“Constant vigilance is the price of freedom,” we are told, though apparently this remark did not originate with the American founding father, hero, slave owner and rapist Thomas Jefferson. Still, this orphan quotation is highly spoken of, so in that spirit I would like to note that the Hong Kong Court of Appeal has just come up with a really bad idea.

The matter before their Lordships concerned two cases in which the presiding judge had ruled that the defence had no case to answer and acquitted the defendant off his or her own bat, as it were.

Department of Justice
Department of Justice. Photo: GovHK.

The appeal judges were asked by the Department of Justice to assess the correctness of these moves. This was not in the strict sense of the word an appeal because the verdicts were final.

The successful defendants had in fact left the territory, which the judges seemed to feel was rather inconsiderate of them. But the accused were all from distant countries (both cases concerned drug smuggling) and one imagines that two years in remand custody in Hong Kong would cause in most people an acute case of homesickness.

Their lordships’ judgement is neither easy reading nor brief. Readers who survive the experience will have had a lengthy tour of the law on “no case to answer” in several jurisdictions and some decided local cases. Their conclusions may be summarised as: the two judges were wrong and the law is reasonably clear, but some recent statements of it were, no doubt unintentionally, ambiguous and confusing. Error was understandable.

The way this works is that in criminal cases the proceedings start with the presentation of the case for the prosecution.
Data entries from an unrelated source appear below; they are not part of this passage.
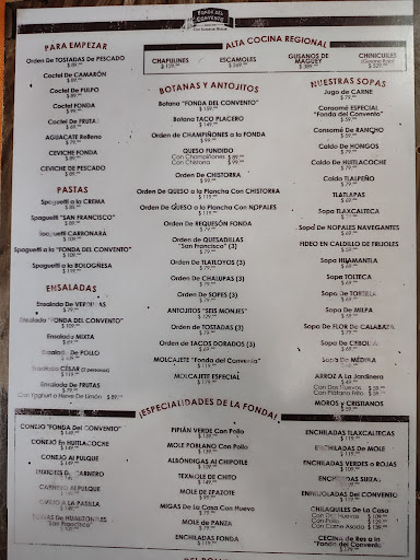 Read moreCon regocijo y satisfacción entrego la máxima calificación a La Fonda del Convento. Para empezar, convengamos en que se trata de una fonda en efecto, es decir, un establecimiento colonial, de precio más económico que la categoria de "gran restaurante". Pero esto no lo hace menos, pues perfectamente está a la par de los mejores restaurantes que he encontrado. Aquí se encuentra el verdadero sazón tlaxcalteca, los platillos son únicos, no se encuentranen otro lado. Mis platillos, ambos tenían el apelativo "a la Fonda del Convento". Consome especial y arrachera, junto con una copa de vino de la casa. Me sorprendió el sazón que manejan, ambos platos, en especial la carne deleitaron mi paladar con tan buen sabor y consistencia, calidad buena, los precios son justos, los meseros amables y atentos, no tuve que pedirles mucho ya que prácticamente me llevaron desde el principio todo lo que necesita una mesa, ningún inconveniente. Es admirable que el lugar es más grande de lo que aparenta, pues resulta que escaleras abajo tienen mucho más espacio. Si no has venido a la Fonda, extiendo mi recomendación para todos los que deseen tener un buen momento gastronómico de los sabores de Tlaxcala. Volveré pronto, por supuesto, no me puedo perder de la variedad tremenda...
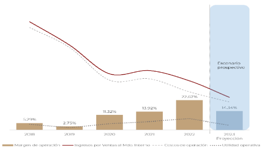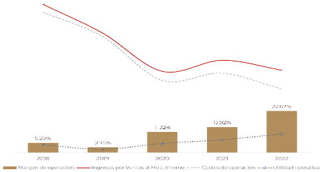 147. La Secretaría observó que, en el periodo de examen y de la revisión de oficio, la rama de producción nacional registró una disminución del 17% en los ingresos por ventas en el mercado nacional, combinado con una disminución del 26% de los costos operativos, lo que resultó en un avance del resultado operativo del 35% y del margen de operación de 8.8 puntos porcentuales. Mientras tanto, durante el periodo analizado, los ingresos por ventas de la mercancía similar en el mercado nacional disminuyeron 55%, en tanto los costos de operación disminuyeron 63%, por lo que el resultado operativo mejoró 94%, y el margen de operación registró una mejora de 17.4 puntos porcentuales, cambiando del 5.3% en 2018 al 22.7% en el periodo de examen y de la revisión de oficio. Lo anterior, puede observarse en la siguiente gráfica.
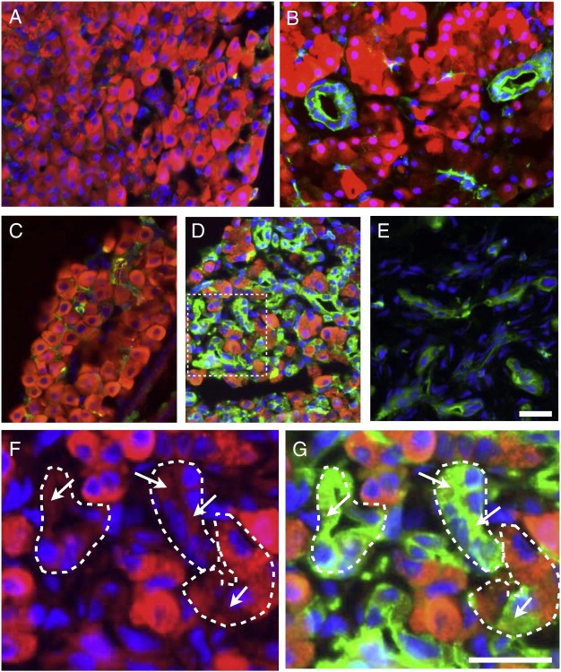 insulin positive cells (arrow, stained red). D) carbonic anhydrase II (green) that is specific for duct cells and E) amylase (red) that detects an enzyme specific for acinar cells. D and E

When the prosecution has done its stuff the lawyer for the defence may ask the judge or magistrate to rule that there is “no case to answer”. In other words the prosecution’s case is so weak that the defendant should be acquitted without further ado.

High Court
High Court. File photo: Kyle Lam/HKFP.

Judges who have brushed up on the latest from the Court of Appeal will only do this in two sets of circumstances. One is if the prosecution’s case incorporates a fatal error in law – if for example they have charged you under a statute which was not in force at the time of the offence. The other is if they have produced no evidence at all for some indispensable fact related to the case – that the white powder in your suitcase was actually a controlled drug, say.

Likewise, and even less often, the judge may decide after hearing the defence that the prosecution’s case has been so comprehensively demolished that there is no need to trouble the jury with it. If, for example, the alleged murder victim appears alive and kicking in the witness box, the presiding judge will conclude that this case is never going to fly and hoof it off the runway himself.

So far we have merely a restatement of what most people thought the law was anyway, more or less. Those of us who like to think of judges as human may wonder if the two judges concerned would have been less prone to error if they were not feeling some subconscious resistance to the local policy of sentencing the small potatoes of the international drugs trade to decades in prison, despite such sentences being both inhumane and demonstrably ineffective.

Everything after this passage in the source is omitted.